The track record of this Tipster looks decent. It’s struggled to live up to the good start, but it shows promise. Just remember that the time period doesn’t matter — it’s the number of bets placed.

Once you’ve chosen a Tipster, there’s 2 things you should initially care about:

  1. The odds. First and foremost you have to verify that the odds the Tipster gives you are achievable at Bookies or Betting Exchanges. If so, then that’s great because it means his good track record probably wasn’t a hoax.
  2. Beating the SP. Betting can either win or lose money. Don’t fixate on the profit yet. Sometimes you’ll win by pure luck, and other times you’ll lose when you made smart bets. But to be clear about how good your bets were you should verify that your odds are consistently higher than the start price. If so, then you’re onto a winner longterm. Look here for evidence.

That’s it. This is the way I’d go about finding a legitimate Tipster from Betting Gods.


Do I Believe In The Betting Gods?

It’s one of my favourite Tipping Services. But let’s just say I haven’t yet fully converted.

Instinctively I veer towards the four techniques listed in my ‘How To Win‘ section; the methods I trust the most. However, Betting Gods certainly makes me question my beliefs.

I highly rate the way Betting Gods have gone about setting up their service. They offer far more assurance and protection than the vast majority of competitors in this field. Plus the 30 day trial is an attractive offer for anyone that’s even slightly intrigued.

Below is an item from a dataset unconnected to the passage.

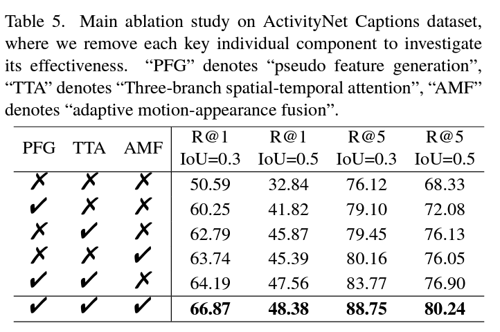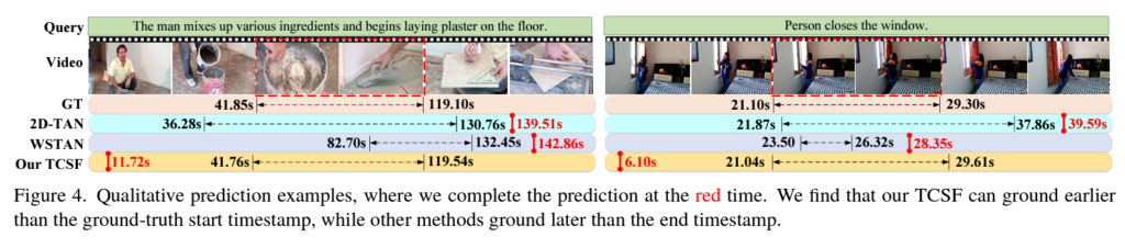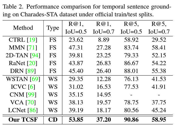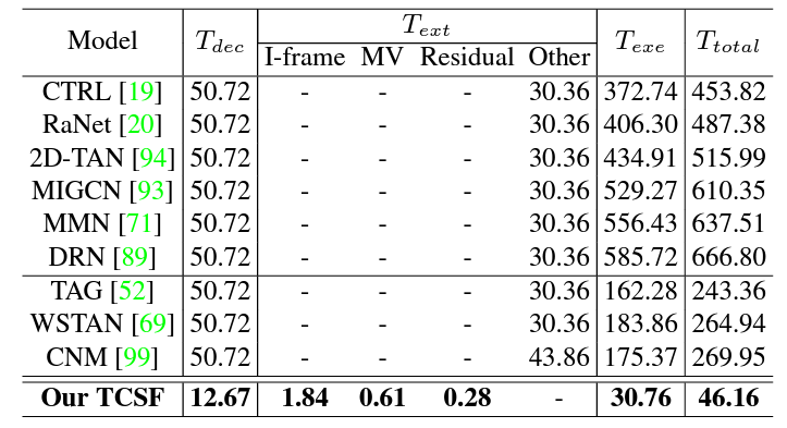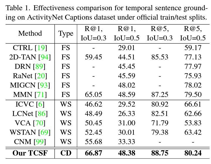 - Extensive experiments on three challenging datasets(ActivityNet Captions, Charades-STA and TACoS) validate the effectiveness and efficiency of our TCSF.

Furthermore, it’s highly promising that Bookmakers try to clamp down on punters using the Betting Gods service. Closing or limiting accounts is a tell-tale sign that players have the edge.

However, every Tipster needs verifying on an individual basis. To truly judge the Betting Gods service I’d need to see consistent profits over an extended period of time. I’d need to verify the odds myself on thousands of selections — like I’ve done with Trademate Sports. I haven’t had time to do that with any of the Tipsters on Betting Gods.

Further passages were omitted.